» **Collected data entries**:
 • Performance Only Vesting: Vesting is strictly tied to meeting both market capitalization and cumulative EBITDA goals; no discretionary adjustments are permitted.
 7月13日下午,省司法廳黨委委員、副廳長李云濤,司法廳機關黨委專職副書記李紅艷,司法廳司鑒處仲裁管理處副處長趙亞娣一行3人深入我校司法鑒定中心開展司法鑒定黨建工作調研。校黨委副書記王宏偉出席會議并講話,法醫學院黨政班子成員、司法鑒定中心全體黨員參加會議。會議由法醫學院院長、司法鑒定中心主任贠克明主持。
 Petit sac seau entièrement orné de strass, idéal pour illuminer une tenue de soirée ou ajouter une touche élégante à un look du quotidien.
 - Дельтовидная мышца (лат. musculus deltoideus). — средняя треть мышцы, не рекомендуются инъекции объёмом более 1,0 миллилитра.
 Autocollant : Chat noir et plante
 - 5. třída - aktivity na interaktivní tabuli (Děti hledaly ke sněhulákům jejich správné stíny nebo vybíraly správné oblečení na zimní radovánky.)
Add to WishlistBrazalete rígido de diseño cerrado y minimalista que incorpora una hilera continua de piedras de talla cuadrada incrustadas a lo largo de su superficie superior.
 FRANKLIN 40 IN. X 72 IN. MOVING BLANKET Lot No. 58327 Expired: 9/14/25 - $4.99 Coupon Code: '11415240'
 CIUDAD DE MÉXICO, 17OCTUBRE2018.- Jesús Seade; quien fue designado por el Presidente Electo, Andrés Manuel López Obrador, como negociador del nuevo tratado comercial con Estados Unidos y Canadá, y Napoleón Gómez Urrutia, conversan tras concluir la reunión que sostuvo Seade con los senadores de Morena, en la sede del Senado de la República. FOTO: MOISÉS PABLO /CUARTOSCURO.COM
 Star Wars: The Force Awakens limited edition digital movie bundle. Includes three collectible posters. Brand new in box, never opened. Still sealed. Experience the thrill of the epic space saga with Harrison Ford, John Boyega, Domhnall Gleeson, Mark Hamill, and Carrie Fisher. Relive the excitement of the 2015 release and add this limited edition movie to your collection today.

» **Required work**:
Beginning with the line that holds "Petit sac seau", please return every line through the end of the data, exactly as written.

» **Solved exercise**:
 Petit sac seau entièrement orné de strass, idéal pour illuminer une tenue de soirée ou ajouter une touche élégante à un look du quotidien.
 - Дельтовидная мышца (лат. musculus deltoideus). — средняя треть мышцы, не рекомендуются инъекции объёмом более 1,0 миллилитра.
 Autocollant : Chat noir et plante
 - 5. třída - aktivity na interaktivní tabuli (Děti hledaly ke sněhulákům jejich správné stíny nebo vybíraly správné oblečení na zimní radovánky.)
Add to WishlistBrazalete rígido de diseño cerrado y minimalista que incorpora una hilera continua de piedras de talla cuadrada incrustadas a lo largo de su superficie superior.
 FRANKLIN 40 IN. X 72 IN. MOVING BLANKET Lot No. 58327 Expired: 9/14/25 - $4.99 Coupon Code: '11415240'
 CIUDAD DE MÉXICO, 17OCTUBRE2018.- Jesús Seade; quien fue designado por el Presidente Electo, Andrés Manuel López Obrador, como negociador del nuevo tratado comercial con Estados Unidos y Canadá, y Napoleón Gómez Urrutia, conversan tras concluir la reunión que sostuvo Seade con los senadores de Morena, en la sede del Senado de la República. FOTO: MOISÉS PABLO /CUARTOSCURO.COM
 Star Wars: The Force Awakens limited edition digital movie bundle. Includes three collectible posters. Brand new in box, never opened. Still sealed. Experience the thrill of the epic space saga with Harrison Ford, John Boyega, Domhnall Gleeson, Mark Hamill, and Carrie Fisher. Relive the excitement of the 2015 release and add this limited edition movie to your collection today.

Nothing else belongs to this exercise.